## INPUT DATA

● ● ● ● ● ● ●

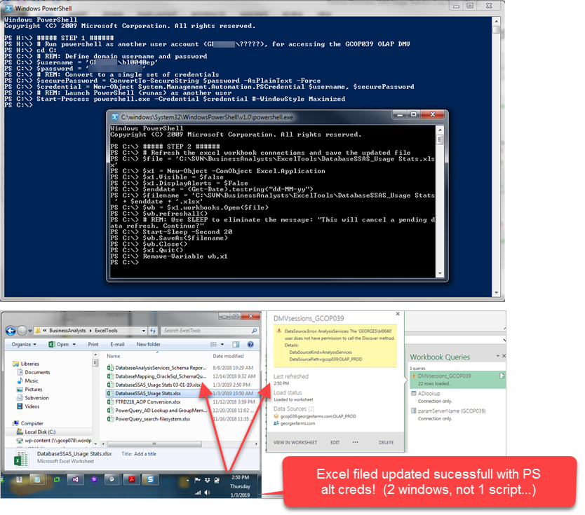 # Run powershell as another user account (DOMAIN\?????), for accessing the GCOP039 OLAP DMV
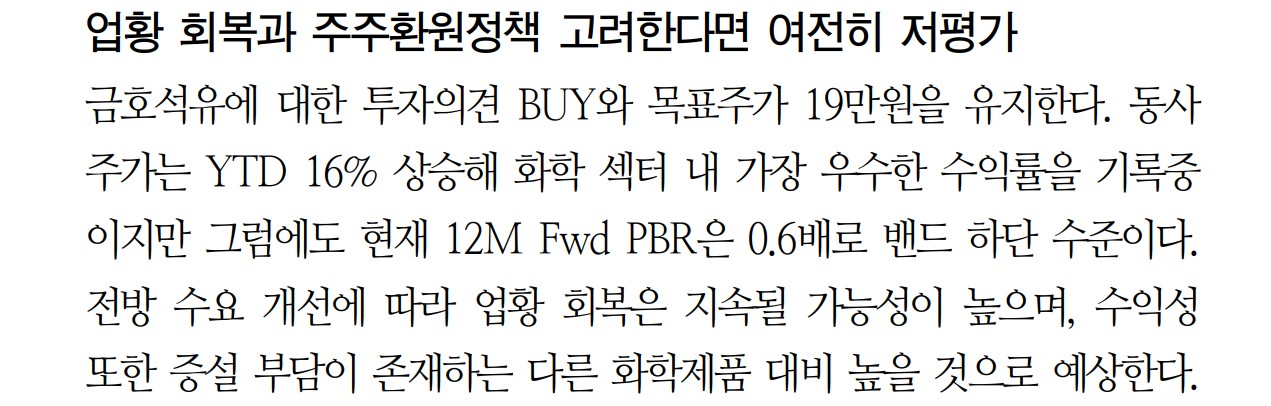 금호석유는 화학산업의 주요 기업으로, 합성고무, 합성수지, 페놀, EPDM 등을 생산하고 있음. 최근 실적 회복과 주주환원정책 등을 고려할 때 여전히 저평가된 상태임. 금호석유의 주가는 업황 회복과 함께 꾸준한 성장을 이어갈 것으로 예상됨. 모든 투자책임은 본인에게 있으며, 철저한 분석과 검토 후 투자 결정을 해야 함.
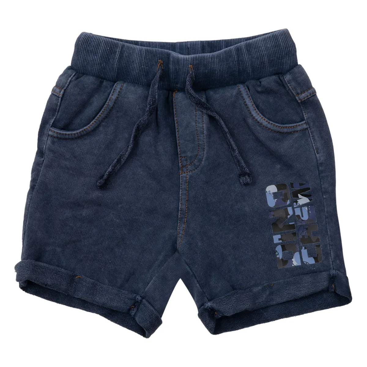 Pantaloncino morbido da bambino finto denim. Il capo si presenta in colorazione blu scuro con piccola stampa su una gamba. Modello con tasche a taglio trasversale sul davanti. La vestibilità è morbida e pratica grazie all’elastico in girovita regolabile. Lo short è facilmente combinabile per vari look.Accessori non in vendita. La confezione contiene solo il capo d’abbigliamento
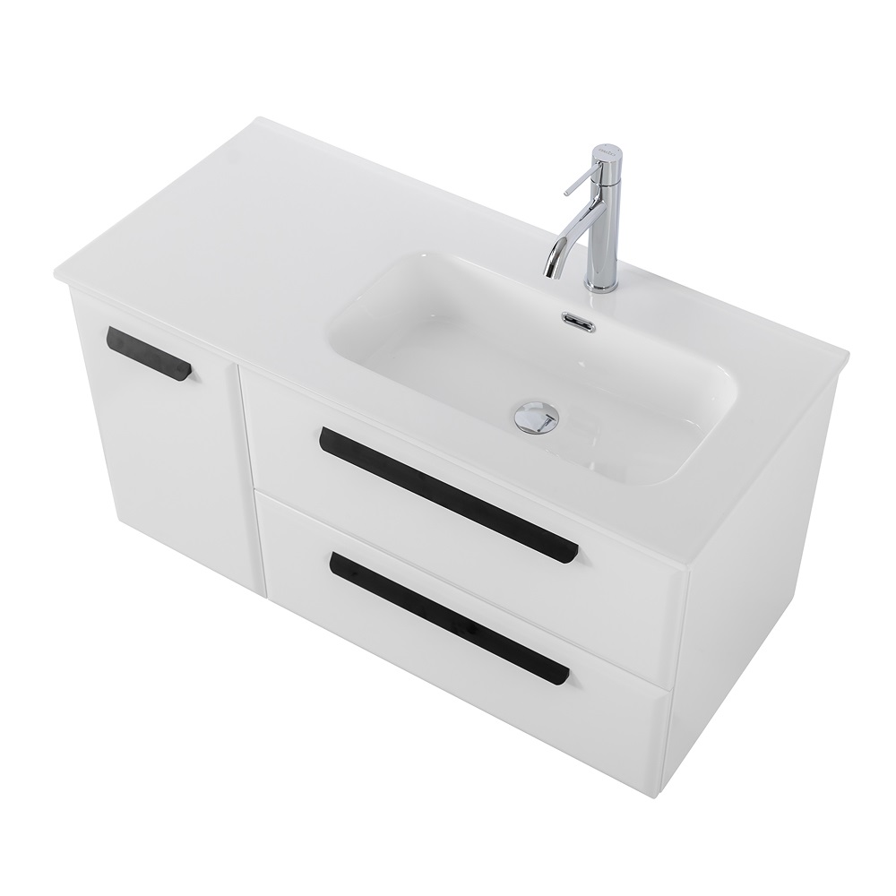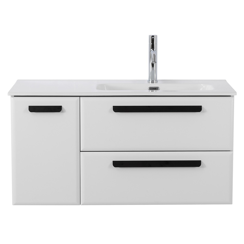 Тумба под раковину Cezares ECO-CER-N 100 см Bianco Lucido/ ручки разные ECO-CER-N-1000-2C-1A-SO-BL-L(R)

● ● ● ● ● ● ●

## REQUIRED WORK
Aside from the pictures, repeat the listing exactly.

## ANSWER TO THIS EXERCISE
 # Run powershell as another user account (DOMAIN\?????), for accessing the GCOP039 OLAP DMV
 금호석유는 화학산업의 주요 기업으로, 합성고무, 합성수지, 페놀, EPDM 등을 생산하고 있음. 최근 실적 회복과 주주환원정책 등을 고려할 때 여전히 저평가된 상태임. 금호석유의 주가는 업황 회복과 함께 꾸준한 성장을 이어갈 것으로 예상됨. 모든 투자책임은 본인에게 있으며, 철저한 분석과 검토 후 투자 결정을 해야 함.
 Pantaloncino morbido da bambino finto denim. Il capo si presenta in colorazione blu scuro con piccola stampa su una gamba. Modello con tasche a taglio trasversale sul davanti. La vestibilità è morbida e pratica grazie all’elastico in girovita regolabile. Lo short è facilmente combinabile per vari look.Accessori non in vendita. La confezione contiene solo il capo d’abbigliamento
 Тумба под раковину Cezares ECO-CER-N 100 см Bianco Lucido/ ручки разные ECO-CER-N-1000-2C-1A-SO-BL-L(R)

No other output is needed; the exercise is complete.